Though providing a social media service for thousands of independent artists, WaTunes has been used by many notable artists & celebrities.

- Jesse Saunders
- Dr. Chud
- Chubb Rock
- Earl Monroe
- Sam Glaser
- Spyder-D
- Mick Taylor

==Company Highlights==

- On March 3, 2009, WaTunes made a historical announcement to offer its online music distribution service entirely free to musicians and other rights holders while they earn 100% of their royalties. This position has drawn immediate media attention from places such as Vator, CNET, and TechCrunch.
- On April 11, 2009, WaTunes partnered with Jango to provide musicians the opportunity to get airplay in front of Jango's 6 million users.
- On May 11, 2009, WaTunes partnered with SoundOps to offer musicians a multi-mastering service.
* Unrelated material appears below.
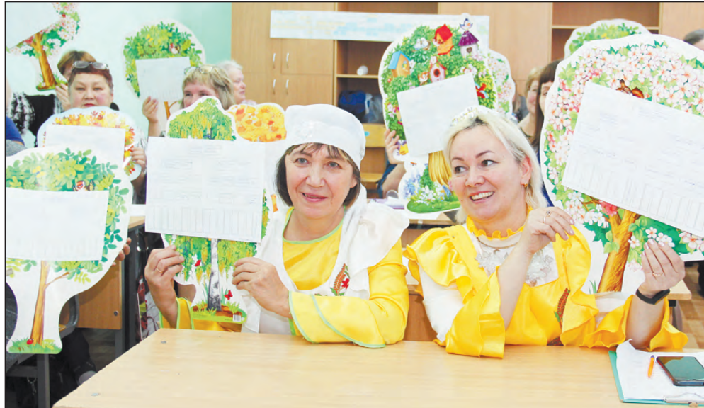
Педагоги школы д. Артя-Шигири

WaTunes is the first online music distribution service to offer independent artists and record labels the ability to track their sales on iTunes on a day-to-day basis.
- On February 22, 2010, WaTunes partners with MediaNet to launch the WaTunes Marketplace, a social music store that enables its users to discover and buy millions of songs. The WaTunes Marketplace currently license songs from thousands of independent labels and major labels Universal Music Group & EMI Music.
- On April 6, 2010, WaTunes launches Music Store, the first Facebook Application that enables its users to discover and buy millions of songs on Facebook using a full fledge storefront.
- On April 11, 2010, Warner Music Group signs its full catalog with WaTunes through MediaNet for WaTunes' Facebook application.
- On January 19, 2011, WaTunes closes its social website and moves all operations to Facebook. As a result, becoming one of the most convenient ways to download and share music on Facebook. WaTunes also secures license from Sony Music Entertainment, the last of the four major labels to sign its full catalog with WaTunes.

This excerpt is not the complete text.